_Dataset extract_
--- START ---

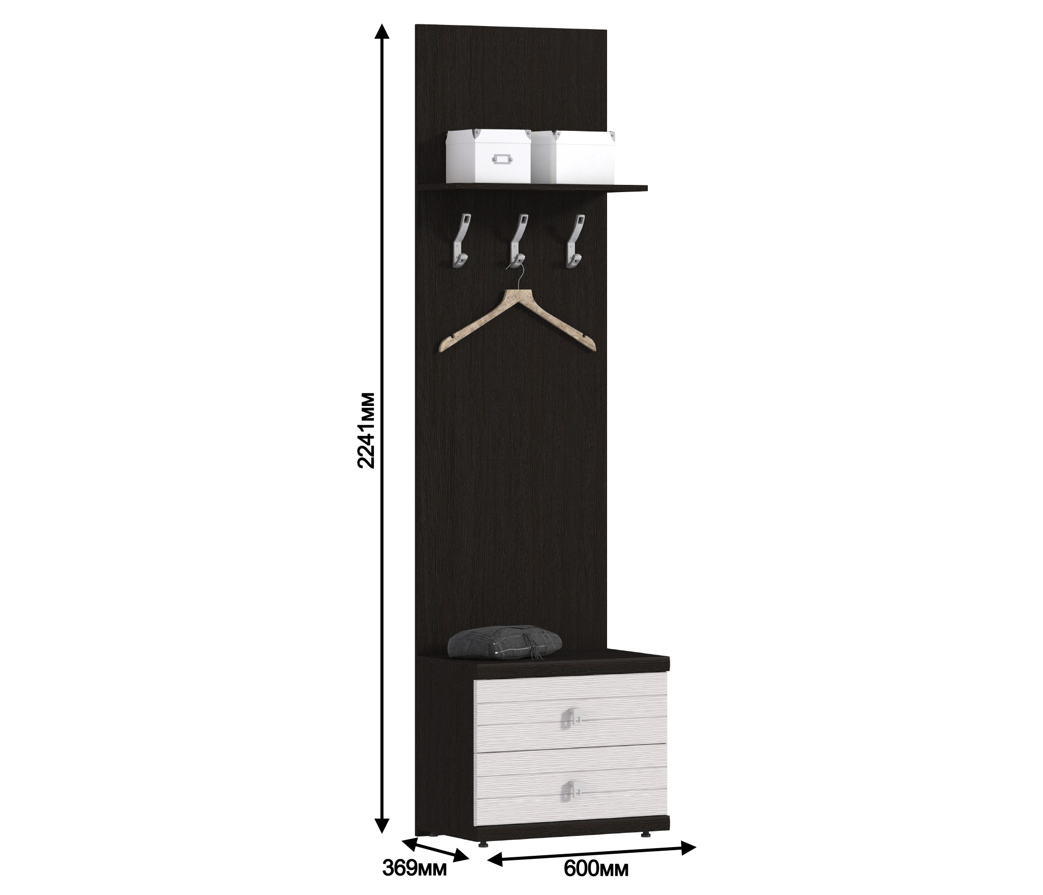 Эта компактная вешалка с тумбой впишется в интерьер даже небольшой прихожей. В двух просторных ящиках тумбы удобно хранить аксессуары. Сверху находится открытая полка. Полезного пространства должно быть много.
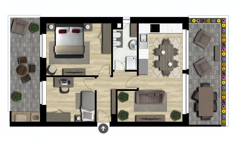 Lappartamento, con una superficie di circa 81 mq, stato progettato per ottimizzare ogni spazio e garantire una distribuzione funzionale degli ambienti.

--- END ---
--- START ---

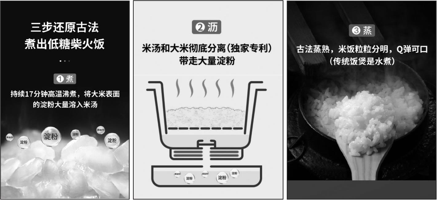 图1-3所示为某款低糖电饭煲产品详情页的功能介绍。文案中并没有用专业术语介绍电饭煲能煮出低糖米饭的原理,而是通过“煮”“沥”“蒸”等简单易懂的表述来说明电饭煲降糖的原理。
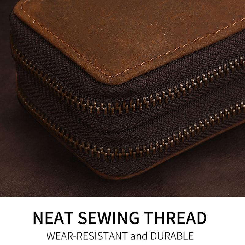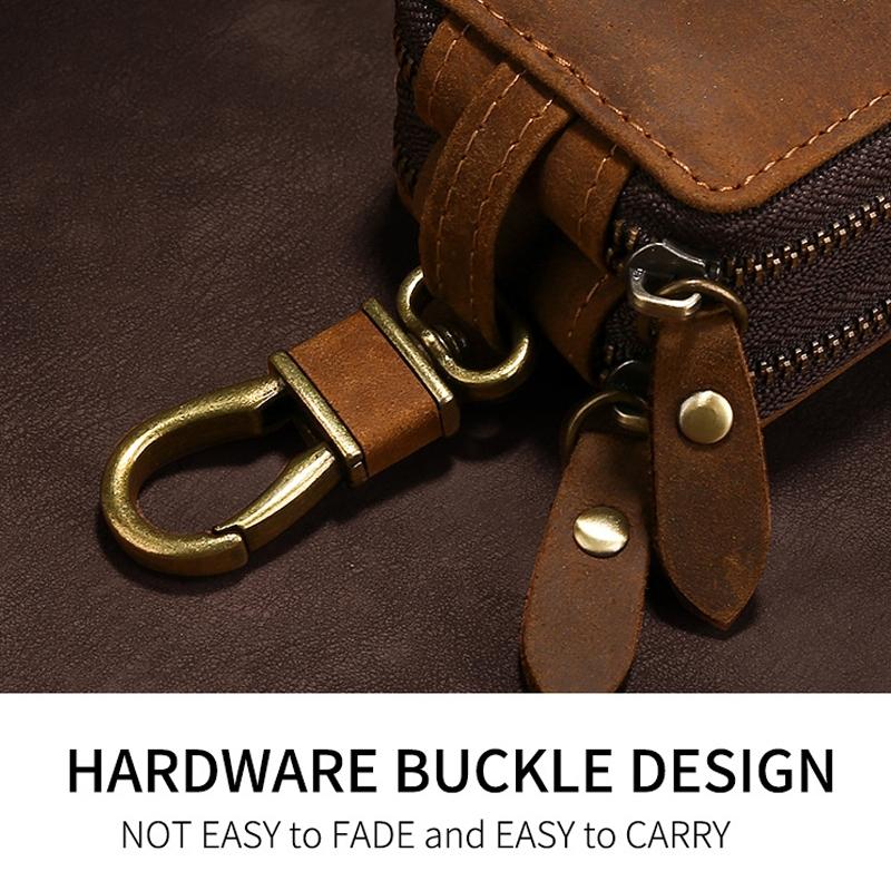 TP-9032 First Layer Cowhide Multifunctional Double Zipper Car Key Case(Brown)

--- END ---

_Assignment_
Between and including the line with "Эта компактная вешалка" and the line with "Lappartamento, con una", repeat every line exactly as it appears above, with pictures left out.

_Reply_
 Эта компактная вешалка с тумбой впишется в интерьер даже небольшой прихожей. В двух просторных ящиках тумбы удобно хранить аксессуары. Сверху находится открытая полка. Полезного пространства должно быть много.
 Lappartamento, con una superficie di circa 81 mq, stato progettato per ottimizzare ogni spazio e garantire una distribuzione funzionale degli ambienti.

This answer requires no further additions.